- EXERCISE GOAL
Down to the last line of the listing, starting at the one with "7 sections of", retype each line exactly. Do not copy the pictures.

- GIVEN DATA
--------------------

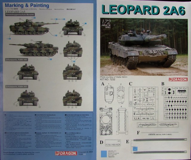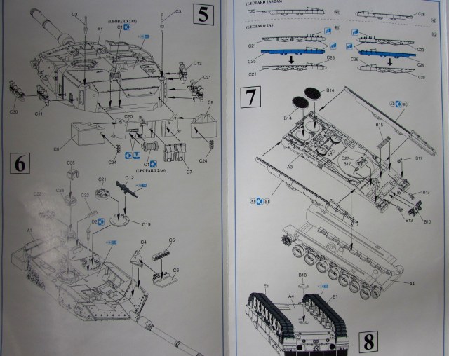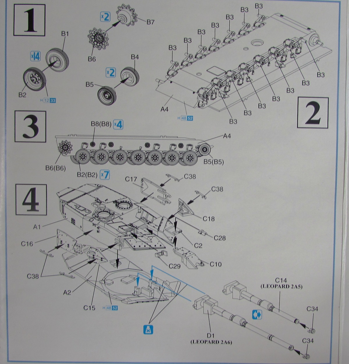 Насчет матчасти ничего сказать не могу, не силен. Единственное, что смутило - так это подход к набору. при заявлении, что это версия 2А6, 2 из 3 вариантов маркировки - на 2А5. Версия 2А6 вообще предполагается со странными экранами - вам предлагают отпилить половину одного экрана. отпилить половину другого - и соединить отпиленное воедино. Посмотрев фото, я, если честно, не понял юмора - Леопард 2А6 попадается с обоими вариантами экранов.
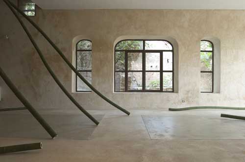 7 sections of bamboo thatch measuring approximately 7 meters long and 8 to 10 cm in diameter entirely hollowed and fitted with soundcards
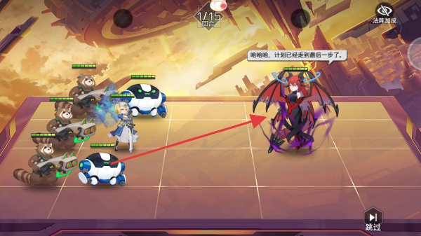2、在游戲戰(zhàn)斗場景中,操控我方角色與紅色箭頭所指的敵方角色進(jìn)行戰(zhàn)斗,根據(jù)角色技能和屬性,合理安排戰(zhàn)斗策略。

--------------------

- OUTPUT BELOW
 7 sections of bamboo thatch measuring approximately 7 meters long and 8 to 10 cm in diameter entirely hollowed and fitted with soundcards
2、在游戲戰(zhàn)斗場景中,操控我方角色與紅色箭頭所指的敵方角色進(jìn)行戰(zhàn)斗,根據(jù)角色技能和屬性,合理安排戰(zhàn)斗策略。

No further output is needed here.